# Error: Steady state has NaNs or Inf

Dear all:

I am failry new to dynare and I have the following problem that leads to the error: The Steady state has NaNs or Inf.

If I run the following:

``````nu      = nubar+(1-del)*nu(-1)+c*Gov^mu;
Gov     = (c*mu*d*exp(-d*H)*R^omeg*Cg)^(1/(1-mu));
``````

The code results in the error message.

Note c = 0. Hence, Gov = 0 for all periods and the first equation could be simplified to

``````nu      = nubar+(1-del)*nu(-1)
``````

c will be different from 0 at some point but first I need to figure out why the model fails.

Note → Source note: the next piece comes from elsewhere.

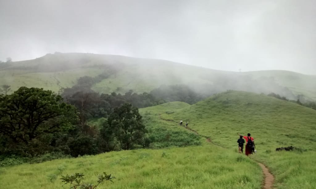 Midway through, the forest opens into wide meadows, where clouds drift lazily, and the wind carries a cool freshness. The final ascent is steeper, but as you climb higher, you’re rewarded with stunning views of the rolling Western Ghats and, on clear days, even a glimpse of the Arabian Sea in the distance.

If I use this simplification and run the following:

``````nu      = nubar+(1-del)*nu(-1);
Gov     = (c*mu*d*exp(-d*H)*R^omeg*Cg)^(1/(1-mu));
``````

Then dynare is able to compute the steady state of the model.

Does anyone have an idea why this happens?

If needed, I can upload the whole model.

Thank you.

If `Gov=0`, you will have an issue with `Gov^mu` if `mu` is negative, because you will be dividing by 0.

Thank you!

To add on your reply: Is it possible that `mu` can neither be `mu<1`. As the first derivative would become an issue due to dividing by 0?

If this is true, I guess I’ll have to find either another functional form or method to calculate the steady state.

Yes, that would be an issue for the Jacobian.